### To do
Copy the records below word for word, from the first line through the line that contains "ナチュラルな雰囲気のワークシ", and leave out any pictures.

### Data supplied
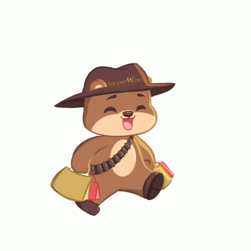 Grand World Phú Quốc's cheerful teddy bear mascot, wearing a hat and bandolier, happily carries shopping bags.
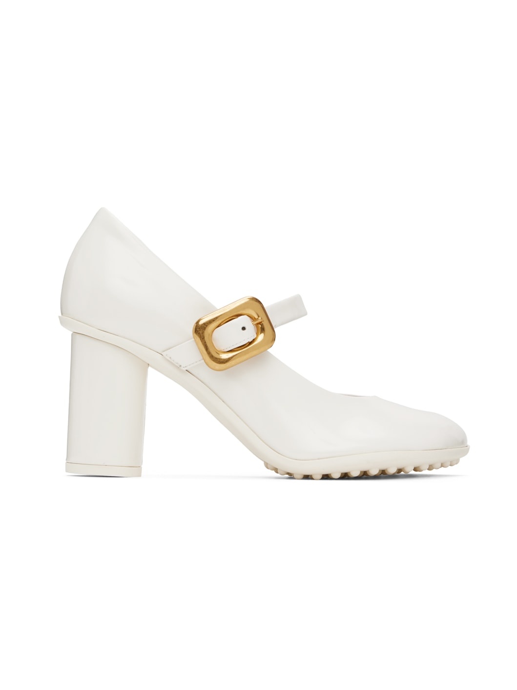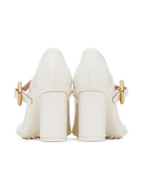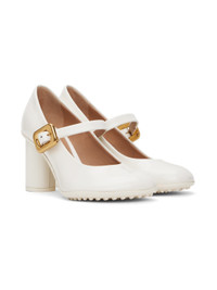 Polished lambskin Mary Jane-style heels in white. · Adjustable pin-buckle strap at vamp · Logo embossed at padded footbed · Grained lambskin lining · Covered block heel with rubber injection · Treaded rubber sole · Antiqued gold-tone hardware · Heel: H3" Supplier color: White Upper: lambskin. Sole: rubber. Made in Italy 241798F122004
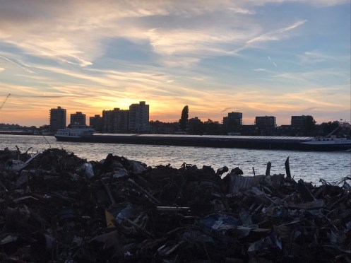 Au premier plan, une péniche remplie de ferraille.
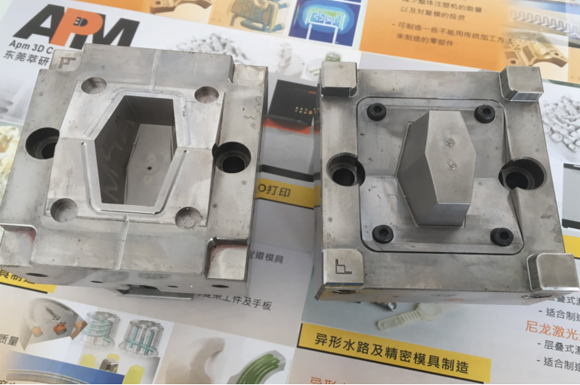 模具簡述: 模具共2個工件使用增材制造技術成型:上內模、下內模 材質:1.2709 硬度:上內模HRC52,下內模HRC50 型芯表面:省光效果
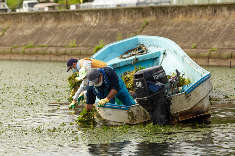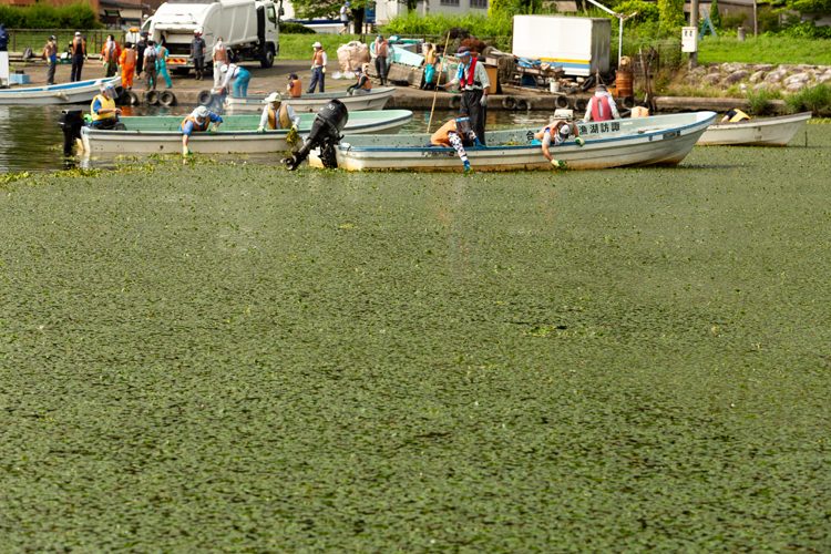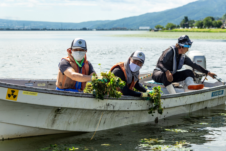 諏訪湖では手刈り、水草刈り取り船と合わせて年間500tを超える量を除去しているが、それでもヒシが湖岸に沿って群生している。この日も2時間ほどで約3tを抜き取ったが、まだまだ先は長い。今年は7月5日に水草刈り取り船による除去作業がスタート。アルゼンチンとイタリアのボート競技代表選手たちが東京オリンピックの事前合宿を諏訪湖で行うため、その練習コースから始め、9月にかけて510tを刈り取る予定だ。
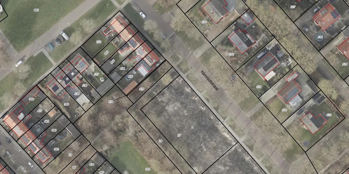 Het perceel waarop Nimrodstraat 12 staat heeft een oppervlakte van 1517 m². Dit is een zeer groot perceel. De perceeloppervlakte wordt geregistreerd door het Kadaster. Gedetailleerde informatie over de maten van dit perceel kunt u vinden in het rapport Kadastrale kaart met maatvoering van Nimrodstraat 12.
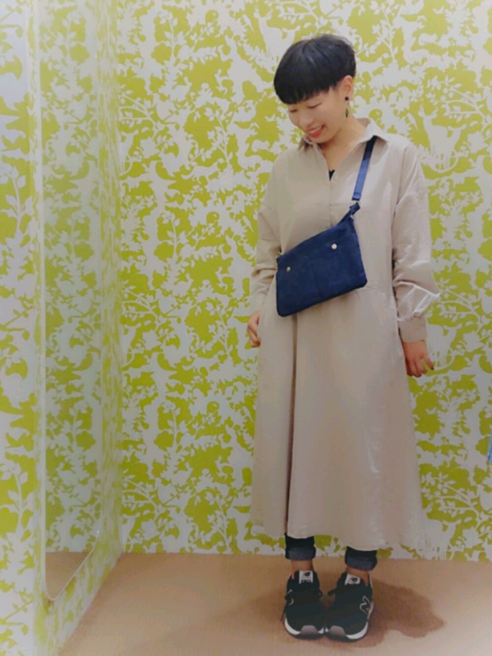ナチュラルな雰囲気のワークシャツワンピースにデニムスキニーを合わせたコーデ💡👜サコッシュの斜め掛け位置の正解がいまいち分からず苦笑いしてるところです😋💦おしゃれは研究ですね!🍀
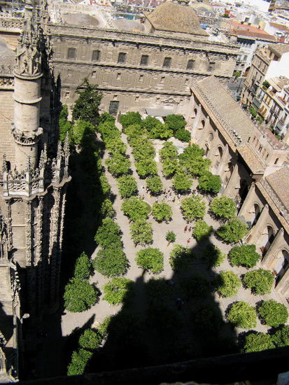 Der Patio de los Naranjos (Orangenhof) war der Hof der Moschee. Der achteckige Brunnen in der Mitte ist der Rest der islamischen Midha, des Brunnens für die religiösen Waschungen.

### Answer for this exercise
 Grand World Phú Quốc's cheerful teddy bear mascot, wearing a hat and bandolier, happily carries shopping bags.
 Polished lambskin Mary Jane-style heels in white. · Adjustable pin-buckle strap at vamp · Logo embossed at padded footbed · Grained lambskin lining · Covered block heel with rubber injection · Treaded rubber sole · Antiqued gold-tone hardware · Heel: H3" Supplier color: White Upper: lambskin. Sole: rubber. Made in Italy 241798F122004
 Au premier plan, une péniche remplie de ferraille.
 模具簡述: 模具共2個工件使用增材制造技術成型:上內模、下內模 材質:1.2709 硬度:上內模HRC52,下內模HRC50 型芯表面:省光效果
 諏訪湖では手刈り、水草刈り取り船と合わせて年間500tを超える量を除去しているが、それでもヒシが湖岸に沿って群生している。この日も2時間ほどで約3tを抜き取ったが、まだまだ先は長い。今年は7月5日に水草刈り取り船による除去作業がスタート。アルゼンチンとイタリアのボート競技代表選手たちが東京オリンピックの事前合宿を諏訪湖で行うため、その練習コースから始め、9月にかけて510tを刈り取る予定だ。
 Het perceel waarop Nimrodstraat 12 staat heeft een oppervlakte van 1517 m². Dit is een zeer groot perceel. De perceeloppervlakte wordt geregistreerd door het Kadaster. Gedetailleerde informatie over de maten van dit perceel kunt u vinden in het rapport Kadastrale kaart met maatvoering van Nimrodstraat 12.
ナチュラルな雰囲気のワークシャツワンピースにデニムスキニーを合わせたコーデ💡👜サコッシュの斜め掛け位置の正解がいまいち分からず苦笑いしてるところです😋💦おしゃれは研究ですね!🍀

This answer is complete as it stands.